Look through the listing below and write out exactly the lines from the line with "HOWDY Message Printed" to the line with "ウエストはゴムが入っておらず伸びてお腹に沿うデザインです。", both included, and no others.

Segment Start: Source records

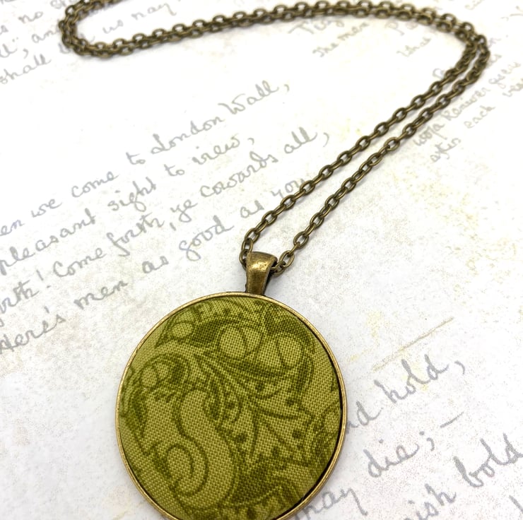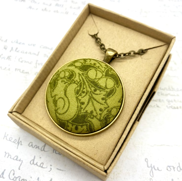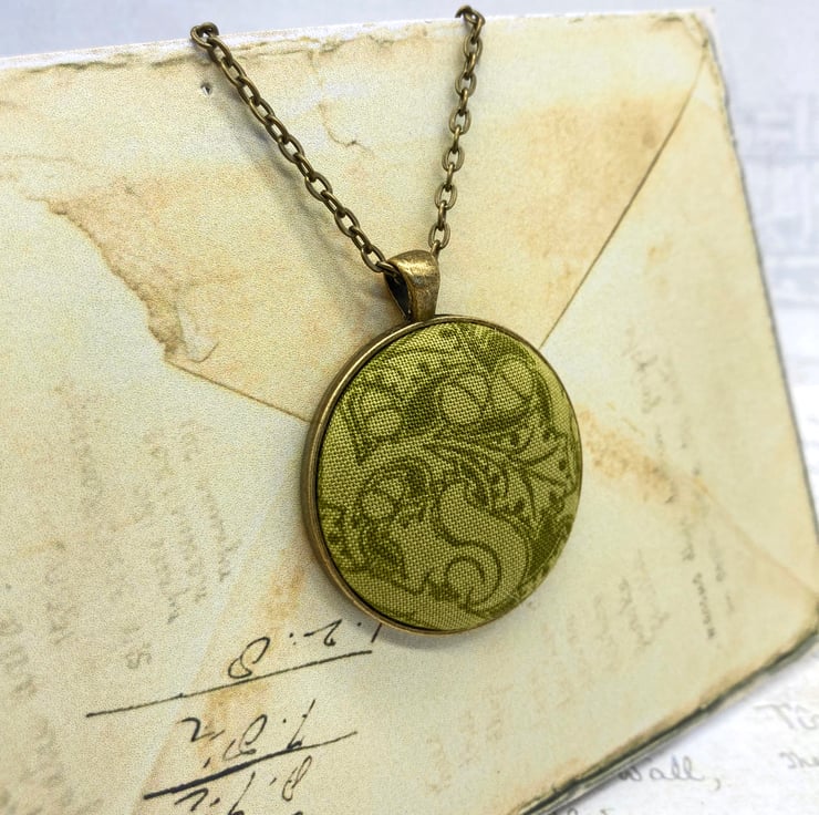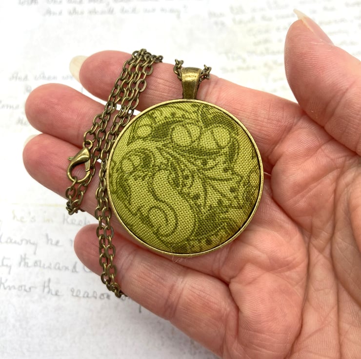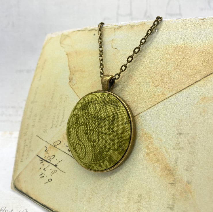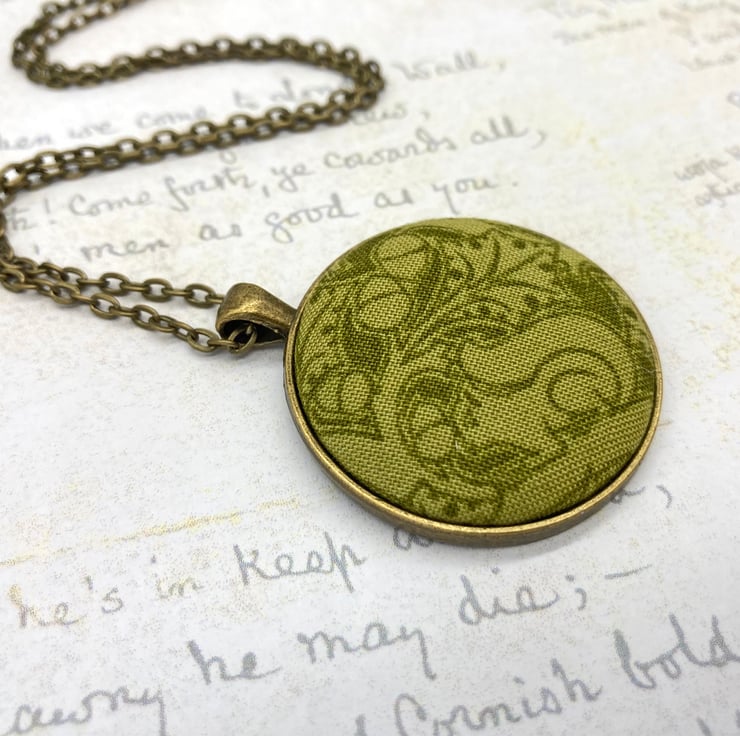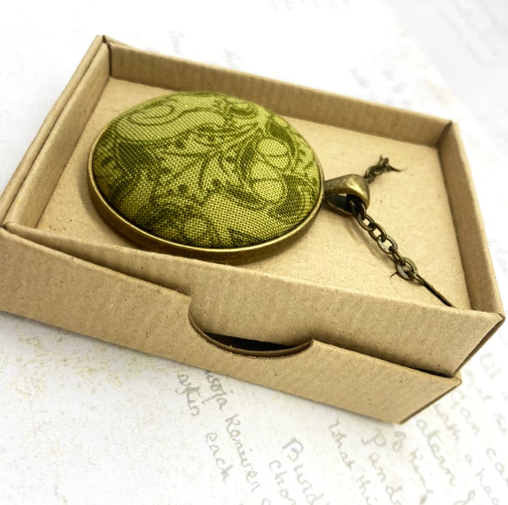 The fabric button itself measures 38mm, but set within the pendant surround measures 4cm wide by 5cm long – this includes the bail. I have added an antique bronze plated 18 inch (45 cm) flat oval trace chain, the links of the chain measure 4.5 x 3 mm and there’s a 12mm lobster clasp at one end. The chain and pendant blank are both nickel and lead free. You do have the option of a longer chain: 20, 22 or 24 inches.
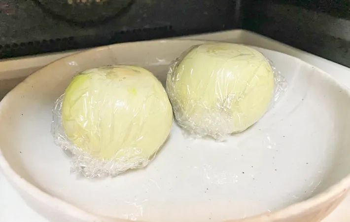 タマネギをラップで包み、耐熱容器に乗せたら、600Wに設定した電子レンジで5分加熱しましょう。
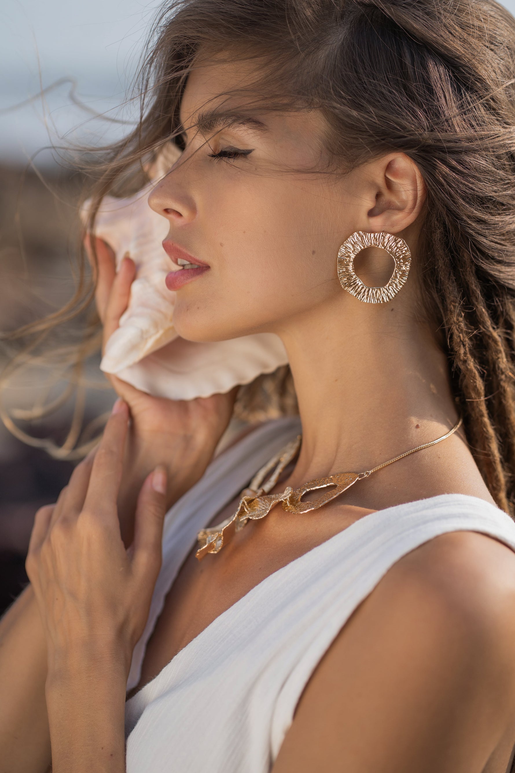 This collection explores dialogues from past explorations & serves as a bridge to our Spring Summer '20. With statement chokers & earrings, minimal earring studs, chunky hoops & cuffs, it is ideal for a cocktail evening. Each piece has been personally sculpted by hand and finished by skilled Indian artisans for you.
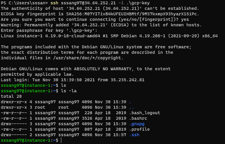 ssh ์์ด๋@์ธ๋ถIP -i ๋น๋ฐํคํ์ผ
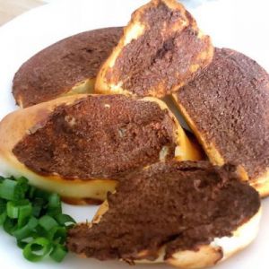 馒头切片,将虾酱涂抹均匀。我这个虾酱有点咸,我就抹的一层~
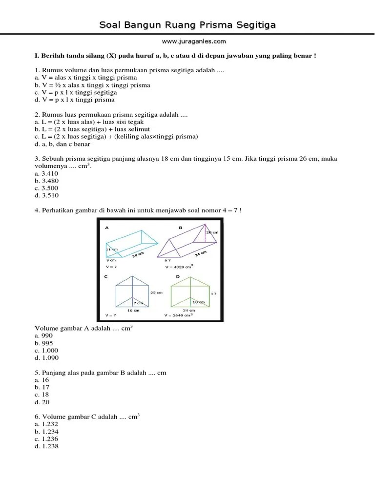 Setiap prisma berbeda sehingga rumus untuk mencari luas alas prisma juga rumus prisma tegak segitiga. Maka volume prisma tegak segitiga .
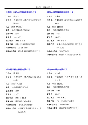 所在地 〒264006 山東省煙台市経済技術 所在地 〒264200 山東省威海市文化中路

Segment End: Source records
Segment Start: Source records

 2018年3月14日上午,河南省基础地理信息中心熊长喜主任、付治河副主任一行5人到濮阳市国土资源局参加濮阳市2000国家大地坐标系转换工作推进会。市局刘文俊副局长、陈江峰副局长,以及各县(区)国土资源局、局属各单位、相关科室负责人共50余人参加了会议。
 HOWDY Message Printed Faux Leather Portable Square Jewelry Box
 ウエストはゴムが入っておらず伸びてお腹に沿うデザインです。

Segment End: Source records
Segment Start: Source records

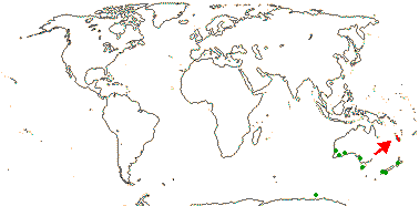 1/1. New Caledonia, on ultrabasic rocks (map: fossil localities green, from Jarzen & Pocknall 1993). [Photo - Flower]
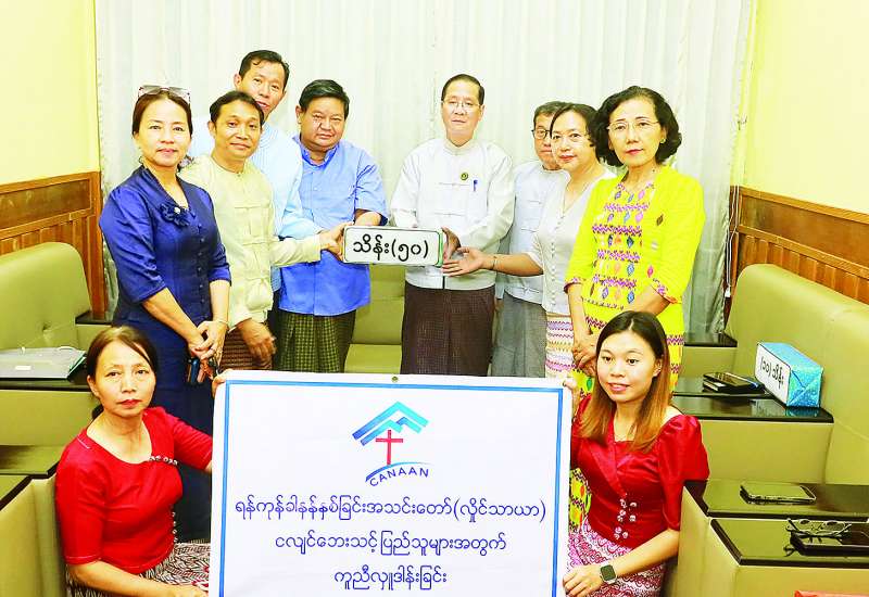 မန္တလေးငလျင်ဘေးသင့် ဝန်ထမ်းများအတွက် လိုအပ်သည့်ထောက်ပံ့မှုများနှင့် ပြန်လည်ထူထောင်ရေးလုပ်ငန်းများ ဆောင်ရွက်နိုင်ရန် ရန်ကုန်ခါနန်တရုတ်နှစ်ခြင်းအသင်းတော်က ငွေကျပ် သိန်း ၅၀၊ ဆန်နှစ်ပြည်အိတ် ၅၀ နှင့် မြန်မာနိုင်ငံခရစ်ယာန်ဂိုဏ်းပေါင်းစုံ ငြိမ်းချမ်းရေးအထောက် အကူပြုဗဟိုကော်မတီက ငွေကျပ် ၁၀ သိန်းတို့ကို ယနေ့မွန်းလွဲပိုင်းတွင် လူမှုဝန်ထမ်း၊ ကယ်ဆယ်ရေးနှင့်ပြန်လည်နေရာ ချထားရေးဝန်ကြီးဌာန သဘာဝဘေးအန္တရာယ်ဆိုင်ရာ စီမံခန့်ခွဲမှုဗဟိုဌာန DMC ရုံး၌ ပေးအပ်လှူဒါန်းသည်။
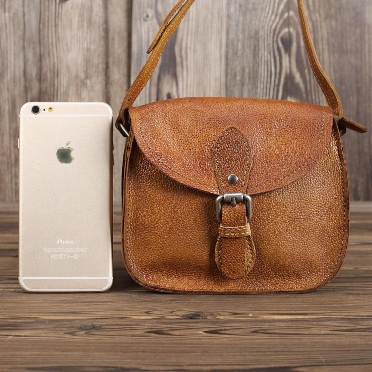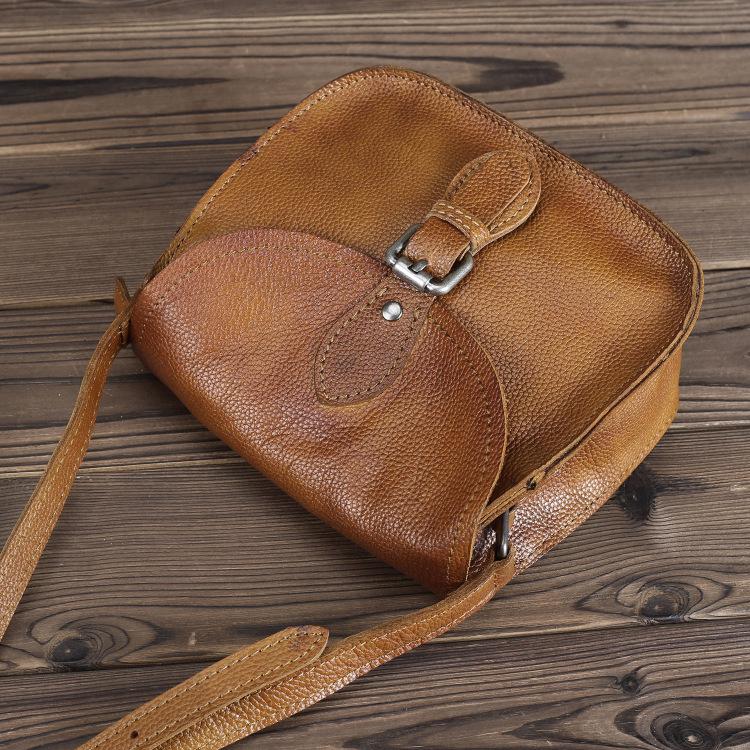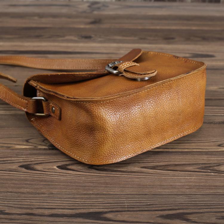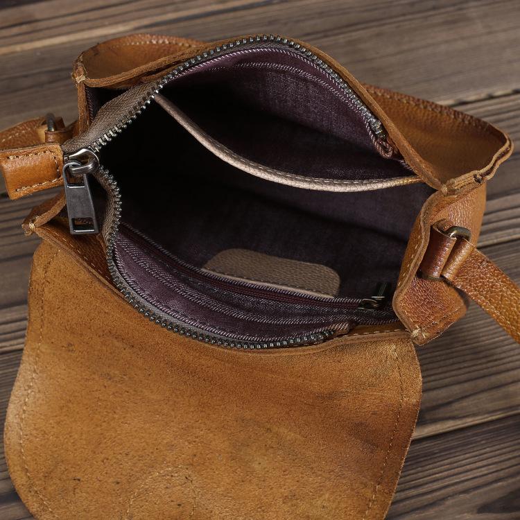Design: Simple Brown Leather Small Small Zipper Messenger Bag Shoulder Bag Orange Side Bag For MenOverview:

Segment End: Source records

Solution to this exercise:
 HOWDY Message Printed Faux Leather Portable Square Jewelry Box
 ウエストはゴムが入っておらず伸びてお腹に沿うデザインです。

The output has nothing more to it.